Constrói-se, desta forma um poder simbólico, que segundo Bronislaw Baczko, é capaz de duplicar e reforçar a dominação já existente. Pois os símbolos buscam garantir uma obediência “pela conjugação das relações de sentido e poderio”. As telas e monumentos produzidos no Brasil, no contexto da implantação da República, destacavam-se por ser particularmente “raros e preciosos”. Portanto, diante desta situação, prevalece um imaginário capaz de estabelecer uma hierarquia entre os símbolos. Neste caso, os bens produzidos adquirem um respeito e são protegidos pelos aparelhos de repressão do estado, que os preservam em determinado lugar “que a si próprios se atribuem no campo simbólico, provam, se necessário fosse, o carácter decerto imaginário”[12]. Com isso, os monumentos que são erigidos em nome da glória e do carisma dos chefes políticos, necessitam estar expostos em praça pública. Para tanto, devem ser amparados por uma força capaz de preservá-los.
Apesar da facilidade e rapidez do aprendizado, as decifrações das imagens continuam difíceis. As imagens republicanas necessitam de textos que as esclareçam e explique os significados escondidos e não evidentes. Portanto, as imagens devem golpear com força, imprimir-se na mente e na imaginação por causa da sua força, de seu caráter estranho, inusitado ou até mesmo escandaloso.
Pierre Bourdieu destaca que estes símbolos “são os instrumentos por excelência da integração social”. Pois, se tem ao mesmo tempo uma forma de exercer a comunicação, criando entre a sociedade o “consensus”, de modo, a estabelecer uma reprodução da “ordem social”. O que se busca por fim, é o que Bourdieu chamou de “integração fictícia da sociedade”[13], já que o grupo dominante estabelece um controle sobre o dominado, passando a haver uma legitimação das distinções.
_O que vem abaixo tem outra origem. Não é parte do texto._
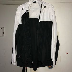 It’s is a black and white standard issue jacket it is good for light rain and it is in really good condition it is warm and goes nice with layering

Neste caso, é importante compreender a forma como os republicanos utilizaram-se das imagens. Pois, as mesmas passaram por um processo de seleção e organização para atender a um determinado fim. Sendo necessário abordar a República em todos os setores. E, a pintura desenvolveu um papel primordial na construção dessa representação. Juntaram-se aos pintores os intelectuais da escrita, que corroboraram para a afirmação dessa nacionalidade, no momento em que se intensificou uma propaganda, a favor do modelo político implantado.
Ressalte-se que estes aspectos se coadunam dentro de uma perspectiva capaz de encontrar-se num “espaço de interacção”, onde os agentes passam a lutar, buscando impor o seu veredito de forma “imparcial”, nas palavras de Bourdieu, “para fazerem reconhecer a sua visão como objectiva”. Para tanto, o papel da imprensa vai ser fundamental, uma vez que, estão na condição de elementos e “forças que dependem da sua pertença a campos objectivamente hierarquizados e da sua posição nos campos respectivos[14].
Assim, a formação de toda uma estrutura capaz de atender aos desígnios dos republicanos, era reforçada pela força com que atuavam. Os aniversários da república são um exemplo de como o projeto de consolidação deveria ser aplicado. Ou seja, de forma repetitiva, o povo simples passava por uma espécie de domesticação, que o levaria a acreditar que era um membro essencial para os novos rumos traçados pela república.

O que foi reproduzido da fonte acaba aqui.